** DATA PROVIDED follows **

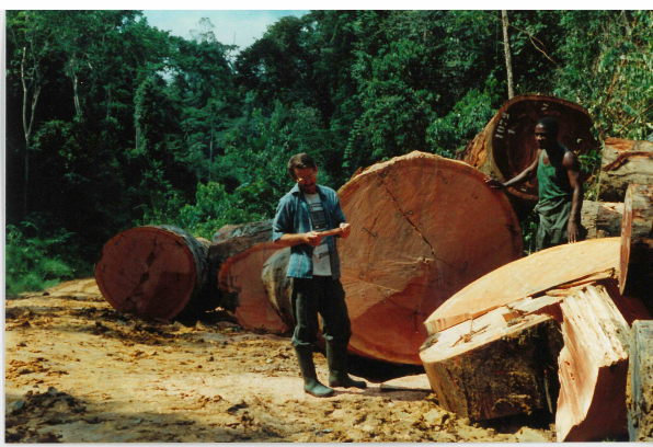
Figure 11 : Exploitation forestière au Gabon en 1999.
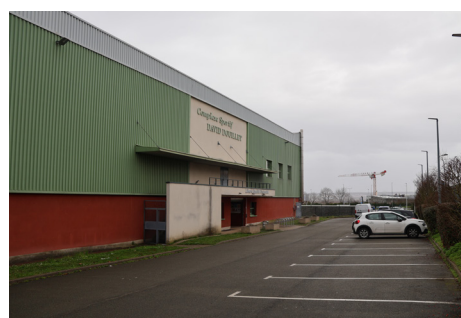
PARKING DU COMPLEXE SPORTIF DAVID DOUILLET rue d'Alentour

Attention cet emplacement de repli est sur le tracé de la course. Si vous stationnez sur ce parking, vous n'aurez pas la possibilité d'en sortir avant 18h, ce dimanche 8 mars.
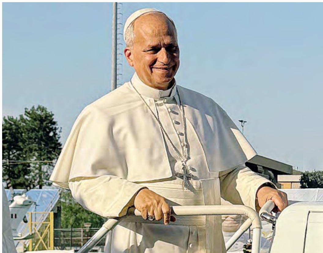
Sopra Papa Leone XIV allo stadio comunale "Chiesa" di Sant'Angelo in occasione della visita di sabato 20 giugno

La presenza del Papa tra noi, la scorsa settimana, è stata anche un incoraggiamento a tornare con spirito nuovo a vivere la missione cristiana, in ogni luogo, nei luoghi della vita quotidiana, in cui spesso è difficile essere testimoni. D'altronde, il Santo Padre l'ha ripetuto anche pochi giorni fa, a conclusione del discorso dedicato alla santa missionaria madre Cabrini: «Possa
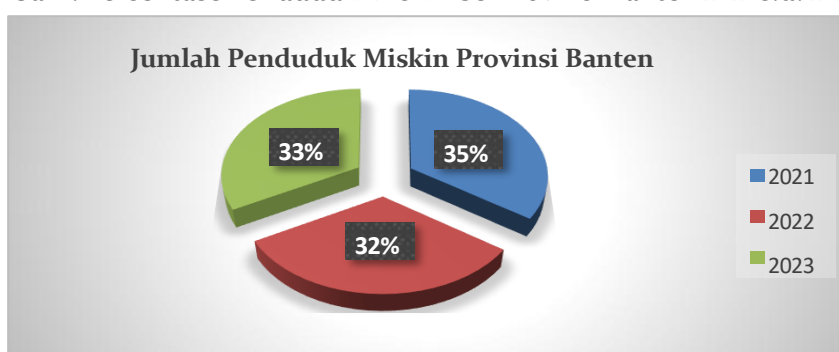
Gambar 1. Persentase Penduduk Miskin Se-Provinsi Banten 2021 s.d. 2023

Dari sekian banyaknya provinsi di Indonesia, Banten menjadi salah satu provinsi yang penduduknya masih mengalami fase kemiskinan bahkan distigmakan sebagai provinsi tidak bahagia (Bernadette & Juliannisa, 2021). Hal demikian ditinjau dari survei Badan Pusat Statistik mengenai jumlah kemiskinan penduduk di Provinsi Banten sepanjang tahun 2021 s.d. 2023 yang menyatakan bahwa Banten masih mengalami situasi perekonomian yang dinamis. Sebab, sepanjang tahun 2021 s.d. 2022 Banten mengalami penurunan jumlah penduduk miskin yakni menyentuh di angka 814,02 ribu jiwa, namun mengalami kenaikan kembali di tahun selanjutnya menjadi 826,13 ribu jiwa. Tentu saja hal demikian menjadi refleksi mendalam, meskipun jumlah kenaikan tersebut tidaklah terlalu banyak.

** End of DATA PROVIDED **

[WORK REQUIRED]:
Return, from the entries, each line that holds "della".

[COMPLETED EXERCISE]:
Sopra Papa Leone XIV allo stadio comunale "Chiesa" di Sant'Angelo in occasione della visita di sabato 20 giugno
La presenza del Papa tra noi, la scorsa settimana, è stata anche un incoraggiamento a tornare con spirito nuovo a vivere la missione cristiana, in ogni luogo, nei luoghi della vita quotidiana, in cui spesso è difficile essere testimoni. D'altronde, il Santo Padre l'ha ripetuto anche pochi giorni fa, a conclusione del discorso dedicato alla santa missionaria madre Cabrini: «Possa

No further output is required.